We want to implement the collision detection feature in the robot.
Can any one guide us on how it can be done.
Thanks in advance
Sachin
Dear Friends,
We are working on the development of Industrial Robot.
We want to implement the collision detection feature in the robot.
Can any one guide us on how it can be done.
Thanks in advance
Sachin
That's... a very vague and open-ended question.
With industrial robots, generally the biggest problem is velocity and inertia -- by the time a collision can be detected, the damage has already been done. No robot can stop instantly, and the heavier the payload and the higher the velocity, the longer the deceleration ramp, even if the harshest possible stopping action is used. Robots intended for used alongside humans (Baxter, iiWA, etc) are either designed to be "soft", or operate with strict limits on the kinetic energy they can attain. They are also limited to very small payloads.
Collision methods that use non-contact sensing are complex and prone to false positives, and often suffer from maintenance issues in industrial environments.

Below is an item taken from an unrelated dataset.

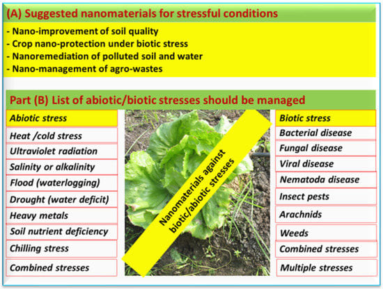 Nanomaterials (NMs) provide a promising approach to support cultivated plants under stressful conditions through many activities, including improving soil quality, protecting plants against stress, removing pollutants from soil, and managing agro-wastes through the application of NMs (Part (A)). Some examples of different biotic/abiotic stresses that cultivated plants face are given in Part (B).
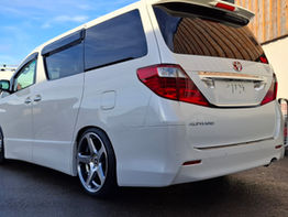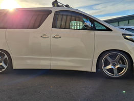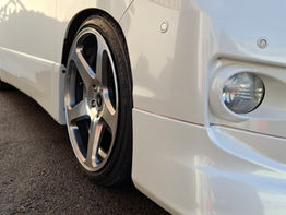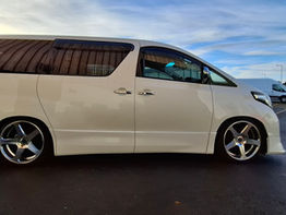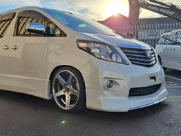 This stunning pearl white Toyota Alphard is not only very practical with its 7 Seats isofix rear seats that fold to the side to create a huge load area capable of fitting mountain bikes or other outdoor equipment. This van looks stunning on its adjustable Tein coil-overs with 5 spoke 20 inch Work wheels.

Flexible tools, like the breakaway sensors often used on welding torches, only detect collisions between the torch and some obstacle, and are also limited to small payloads and/or low speeds.
Thanks SkyeFire for the response.
Actually we are at initial stage where we have kinematics, mechanical structure and motors.
I was wondering if i can monitor the motor current and gerenerate the stop signal if motor current exceeds defined limit.
This signal i can use for stoping the robot to avoid further damage.
I want to know if this is the right way or is there any other method to detect collision.
Regards
Sachin
It can be done, and has been done -- KUKA's built-in collision detection does this. But it doesn't change the inertia issue. It also requires "teaching" the collision detection system what the normal motor currents should be, for every motion in a robot path program, because the gravity and inertial factors cannot be modeled with sufficient accuracy. This also means that any change in robot speed can throw off the collision detection. The tolerance band must also be rather wide, since the motor current data is inherently noisy.
The bottom line is this: if you use motor current to detect a collision, you will not detect a collision until after it occurs and has applied substantial force (enough to raise the motor current above the tolerance threshold). Plus, if the robot is moving at high speed, by the time this detection takes place and the motion control system reacts, the robot has probably already "stalled" physically against whatever obstruction it hit.